Over the years, the convergence of divergent cultural, social and linguistic backgrounds have evolved into a unique cultural pot-pourri full of colour, vibrancy and charm.

The Andaman Islands' economy relies strongly on agriculture; mainly spices, coconuts, potatoes and rice. Harry enthused, "they grow some of the tastiest potatoes I've ever eaten." One of the only environmentally sensitive practices in the Islands spurs the largest export market; plywood. The large hardwood forests are logged selectively on a small scale, by hard manual labour, no chainsaws only axes, double-ended bush-saws and elephants trained to move the felled trunks. High quality grade plywood for construction and boat building is exported to western countries. Fishing and tourism have been slowly creeping into the equation and will likely bring about an economic uplift to the territory, as more islands become open to foreign tourists. Commercial fishing is limited and prohibited within three miles of the shore and this surely protects the immaculate conditions of the reefs and the abundance of colourful marine life.

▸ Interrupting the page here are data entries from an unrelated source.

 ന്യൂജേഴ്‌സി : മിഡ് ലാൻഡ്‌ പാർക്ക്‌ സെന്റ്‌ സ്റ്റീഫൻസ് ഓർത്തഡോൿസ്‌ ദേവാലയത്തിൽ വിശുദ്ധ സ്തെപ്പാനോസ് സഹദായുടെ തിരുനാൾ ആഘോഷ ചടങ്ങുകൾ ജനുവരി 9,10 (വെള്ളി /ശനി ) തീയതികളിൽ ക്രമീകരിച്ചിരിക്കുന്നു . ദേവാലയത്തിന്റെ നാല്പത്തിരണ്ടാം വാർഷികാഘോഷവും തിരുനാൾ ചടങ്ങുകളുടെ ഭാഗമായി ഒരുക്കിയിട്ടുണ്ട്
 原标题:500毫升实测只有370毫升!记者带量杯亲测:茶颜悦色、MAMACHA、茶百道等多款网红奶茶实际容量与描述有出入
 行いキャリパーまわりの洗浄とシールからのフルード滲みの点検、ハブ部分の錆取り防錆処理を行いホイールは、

With the enormous 281.50 sq. km. Wandoor National Marine Park comprising of a maze of pristine islands, the Andamans scream with eco-tourism potential. Unfortunately, or fortunately, only two of these islands are accessible to tourists for conservation reasons. The coral reefs that abound the marine park have been described as the "triumphant achievement of coral polyps." Hence, this fragile eco-system, so abused in other parts of the world, remains untouched, hosting an immensely diverse range of marine life in crystal-clear waters. Diving is only allowed with a registered dive company unless special permission has been granted by the Commissioner.

On land, more than 92% of the geographical area is blanketed with tropical forests filled with evergreens, the largest of which average a height of 42 metres. Roaming the forest floors are spotted deer, Andaman wild pigs, civets, shrews and elephants to name a few mammals. A rich avi-faunal diversity attracts bird watchers; as many as 246 species and sub species of birds inhabit the islands. Another factor contributing to the unsullied condition of the environment is quite unique as Harry explained, "one of the most impressive aspects of the islands' management is that the use of plastic bags is entirely illegal. Purchased goods are wrapped in biodegradable brown paper, which spares the land and seas."

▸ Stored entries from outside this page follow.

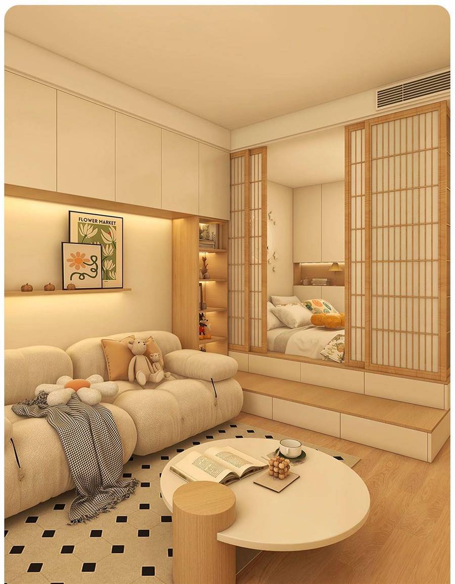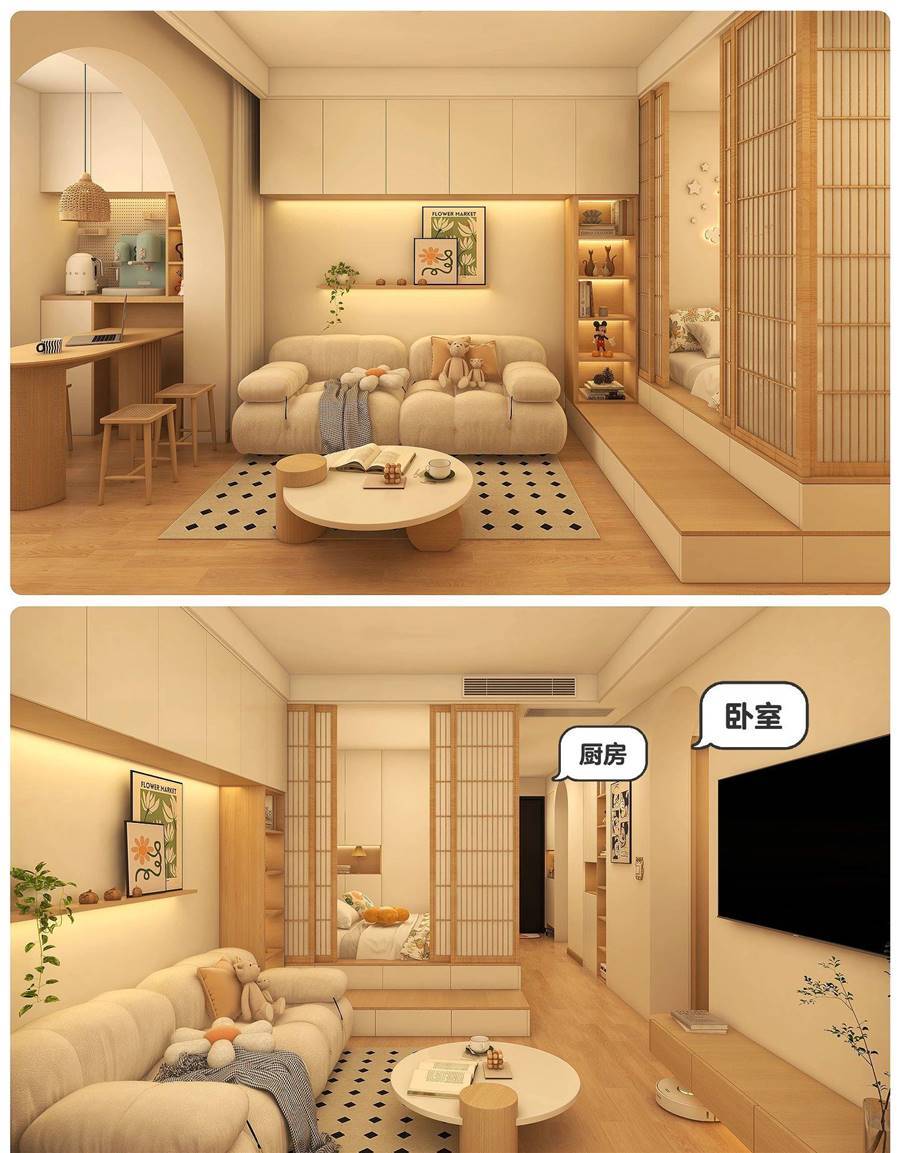 ◽客廳的臥室做雙層地台+?屏風移門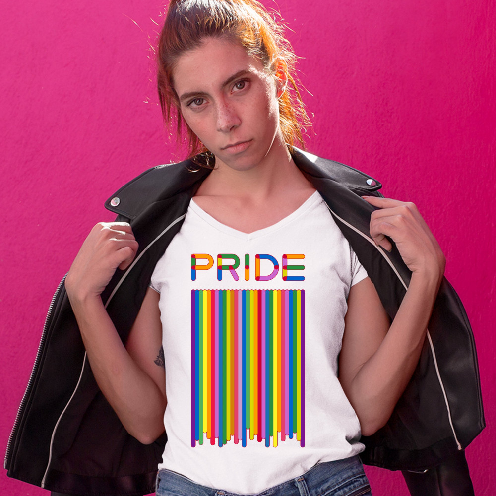 A print featuring a vertical flag painted in the colors of rainbow above which it says "Pride". Great choice to wear as a proud queer person.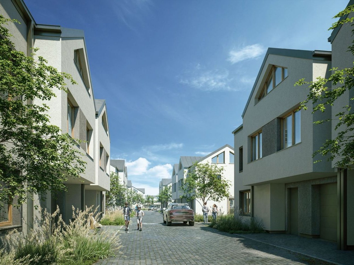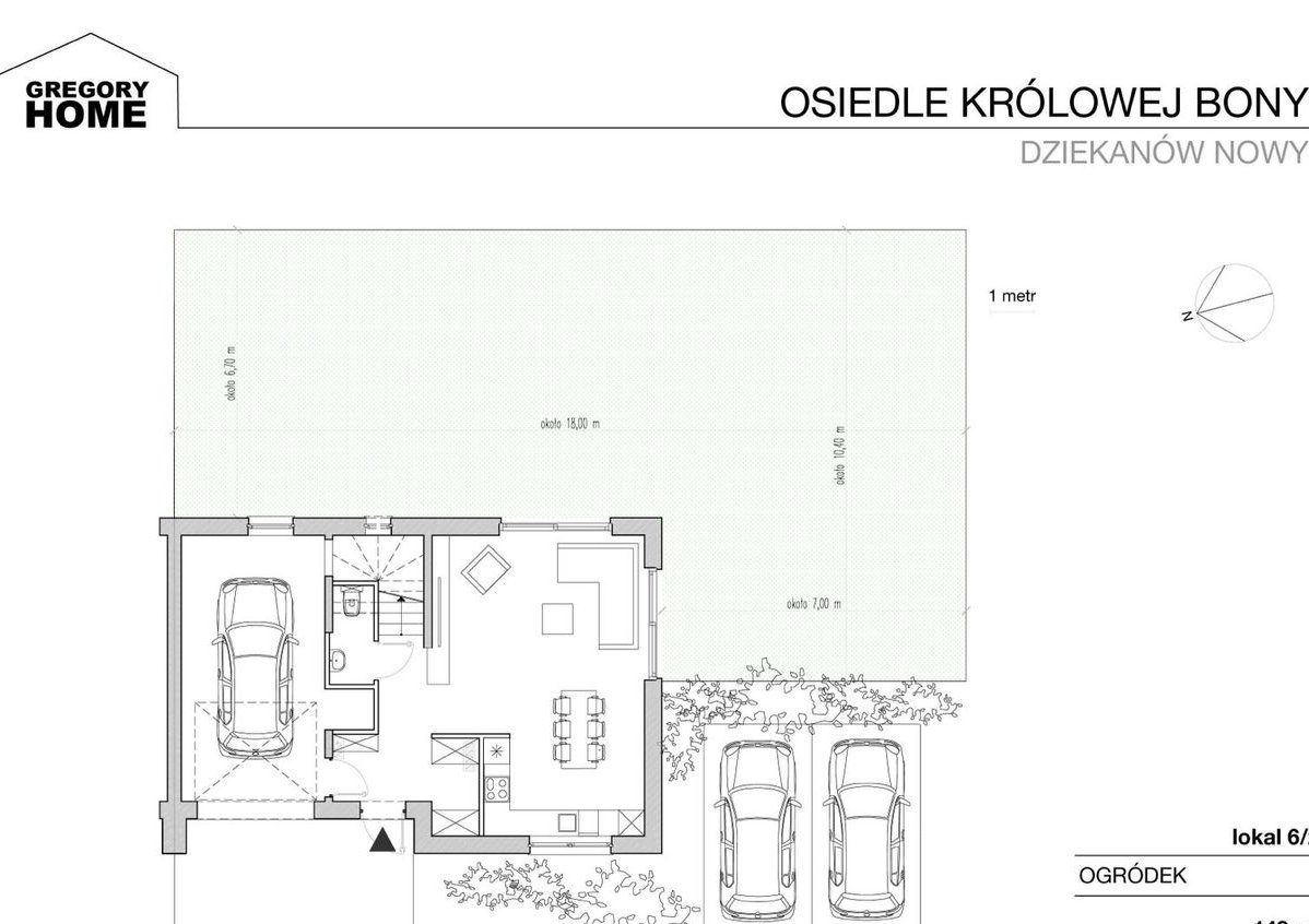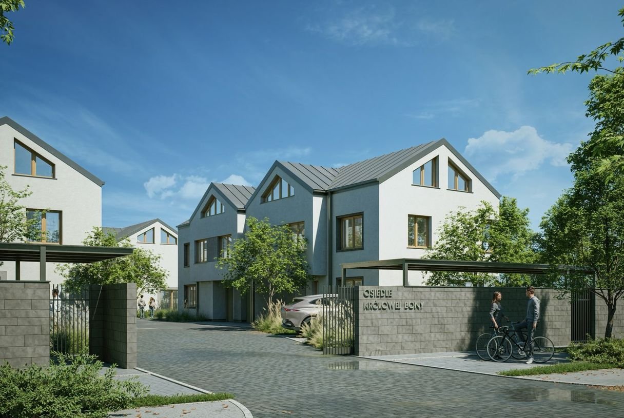 Każdy z domów będzie miał ogrodzony ogród z własną furtką od strony ulicy Królowej Bony stanowiącej wewnętrzny ciąg pieszo jezdny wykończony kostką brukową pomiędzy budynkami.

Reaching the Andaman Islands from Phuket is easiest by boat. Travellers need to arrange a six month Indian visa, with a one month restricted pass for the Andamans, at a cost of THB 3,000. On arrival at Port Blair, the only point of entry, yachts must give the harbourmaster their intended itinerary. Passengers will then be informed of the areas that are out of bounds. Yachts are expected to report their positions daily by radio. There are regular flights and ship passages to and from Calcutta and Chennai (Madras) and it is understood that the airport is to be upgraded to International status, as the current Administration is active in encouraging eco-friendly tourists to visit their beautiful islands

"It is an amazing place, full of colour and character. The people are friendly and welcoming, the environment is beautiful and the culture and history are fascinating. This was our second trip and we would like to return. The Resident Commissioner has agreed to a boat rally to the Islands from Phuket scheduled for February 2003.